Buenos Aires, November 25 (NA) -- Businesspeople and former officials from Kirchnerist governments raised their objections to the trade agreement with the United States in the Chamber of Deputies on Tuesday, as the government has not yet sent the agreement to the National Congress.
The agreement signed between Argentina and the United States was debated in the Chamber of Deputies' Trade Committee, chaired by the 'Campero' Tomas Ledesma, where criticisms of the agreement were voiced for not being beneficial to the country and potentially adding a new point of tension within Mercosur.
At the start of the meeting, Ledesma again demanded that the government send the trade agreement to Congress for study, as it deals with tariff and customs matters that require "parliamentary approval."
The commission's informational meeting was mostly attended by deputies from Union for the Homeland (UxP), but most libertarians were absent, with only Santiago Pauli attending.
The government announced a framework agreement with the United States but has not sent any details of the agreement to Congress, as learned from the Noticias Argentinas news agency.
Speakers
The first speaker was José Tamboronea, president of ADIMRA's Industrial Policy Committee, who expressed his concerns about the potential impact of the agreement on Argentina's industry.

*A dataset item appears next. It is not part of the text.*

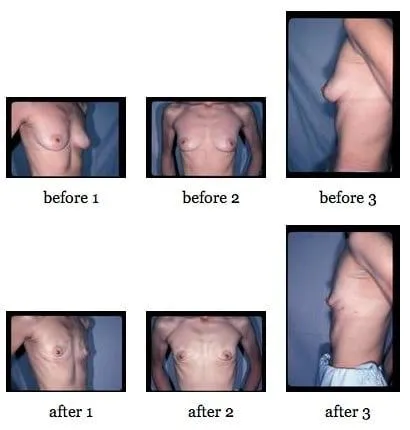 In these pictures, you see the the result of a nipple sparing mastectomy in the first row, and the results of the breast reconstruction in the second.
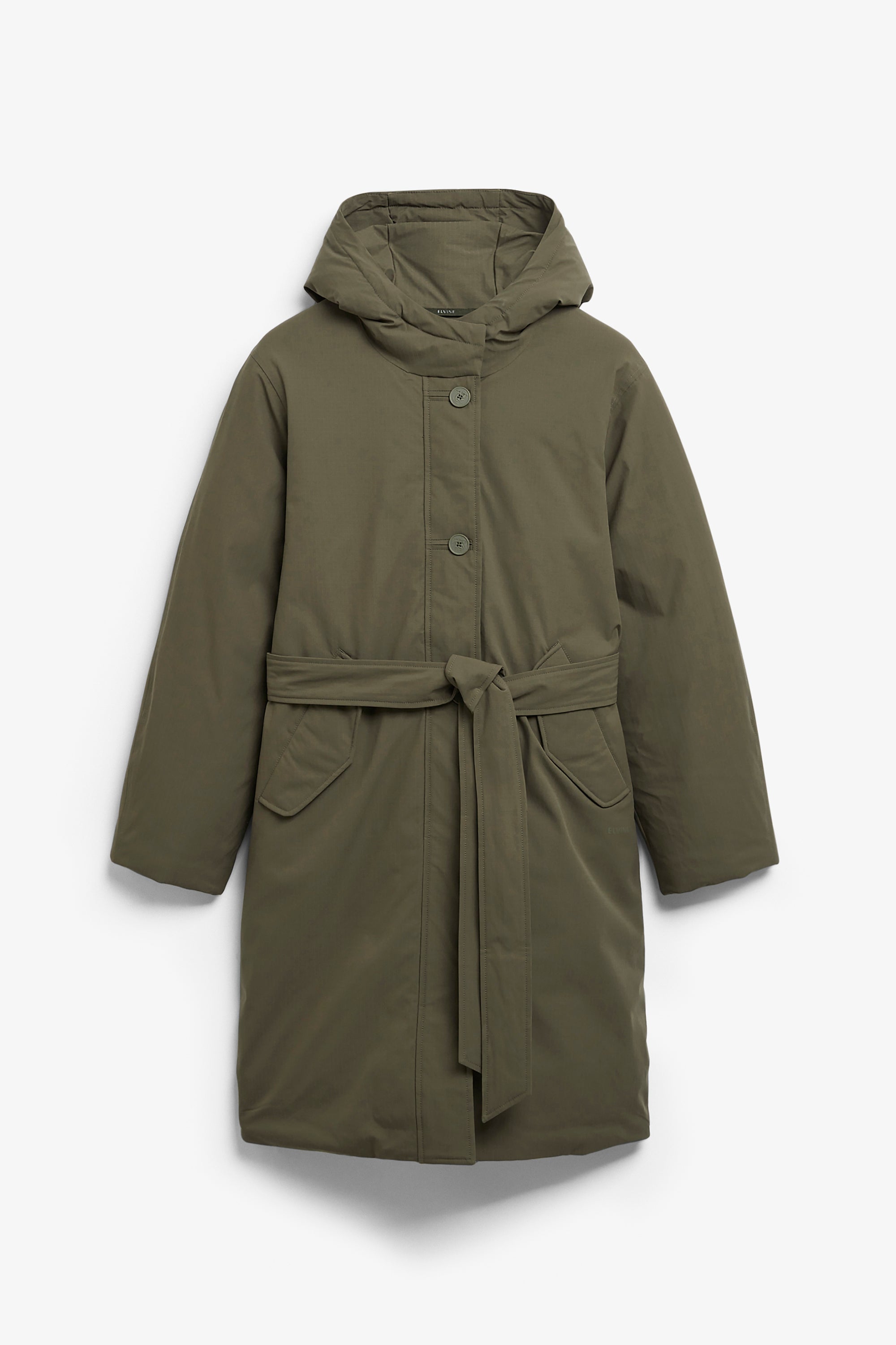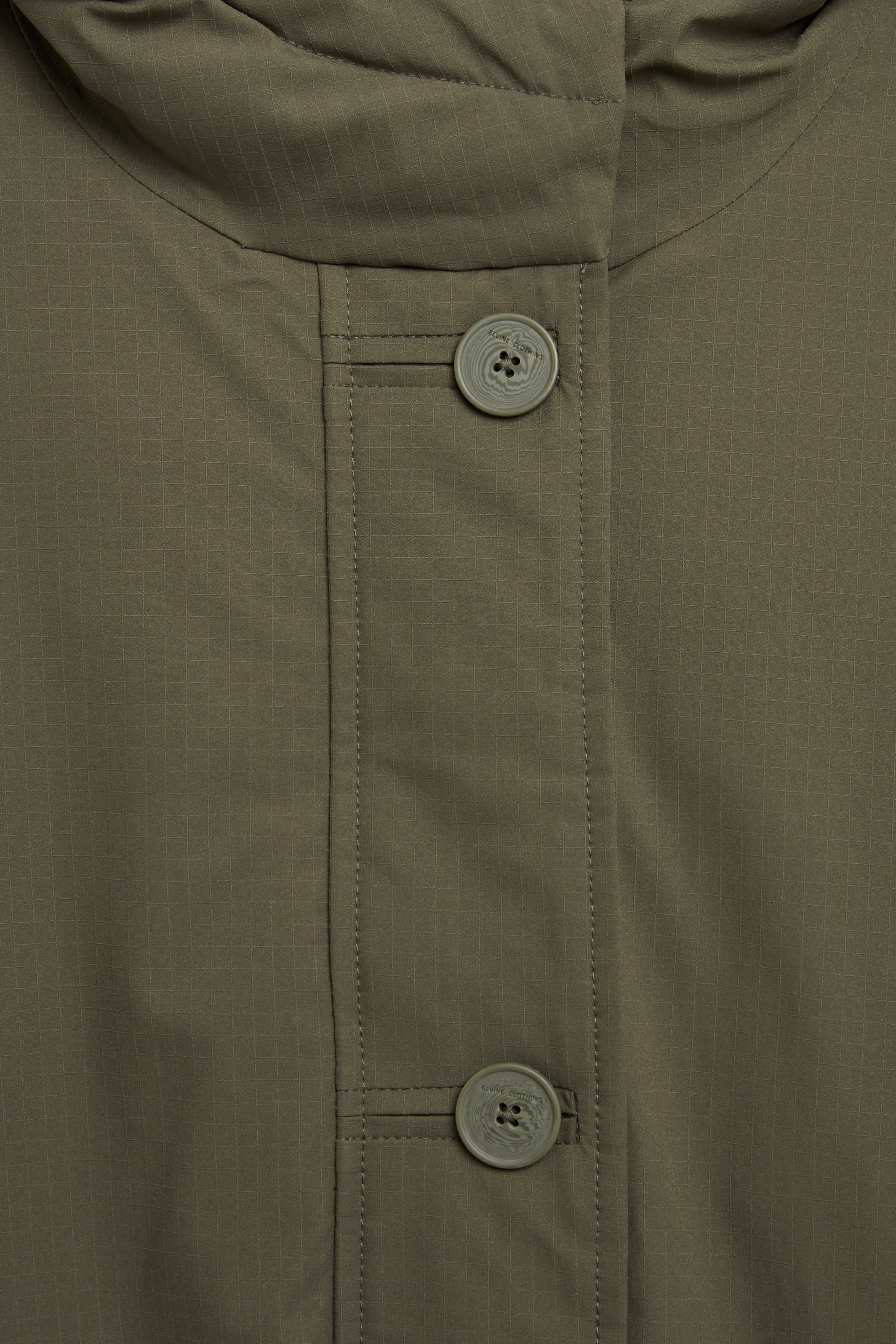 Confeccionada con tejido resistente al agua; debido a su confección, la prenda no es totalmente impermeable.

"The way this agreement is structured, it will be difficult to achieve the virtuous results that might be possible when one looks at the production of both countries and the opportunities that are opening up with the geopolitical changes taking place at this moment," he added.
Former Atomic Energy Commission official Natalia Stankevicius objected to the agreement, arguing that it "undermines" the country's sovereignty due to the "role and strategic character of the nuclear sector in Argentina."
She added that the "country needs dollars and that uranium exports could be a business portfolio."
"In the trade exchange, the agricultural sector is more important for us than for them." Meanwhile, former Undersecretary of Political Coordination of the Ministry of Agriculture, Livestock and Fisheries, Ariel Martínez, pointed out that "we are sure that this creates a tension with Mercosur, which is a stable relationship of Argentina with its partners."
He stated that "Mercosur has many flaws to solve, but it seems to be the best place to be and project oneself, being a place that institutionally contains our countries and gives a much more powerful framework and negotiation backing than doing it individually."
"We are two more competitive than complementary countries, doing the same things as the United States, but on a scale ten times smaller, without having railway infrastructure, waterways, roads, or in terms of technology either," he pointed out.
In this context, he said that "we are concerned about the preferential access that Argentina would be granting to the US market for goods that include medicines, chemicals, machinery, information technology products and medical devices, motor vehicles, and a wide range of agricultural machinery."
Former Undersecretary of International Affairs during the Kirchnerism, Martín Schapiro, criticized that they are "discussing an announcement made by the White House before Argentina," and questioned the benefits that this agreement could bring to our country.
"But the problem is what penalties we are imposing on future generations, because here we are discussing base energy," he stated.
Meanwhile, former Undersecretary of Agri-food Markets, Javier Patiño, assured that the agreement must be well analyzed since "of all exports to the United States, 21% is agricultural, while of what we import from the United States only 1.6% is agricultural."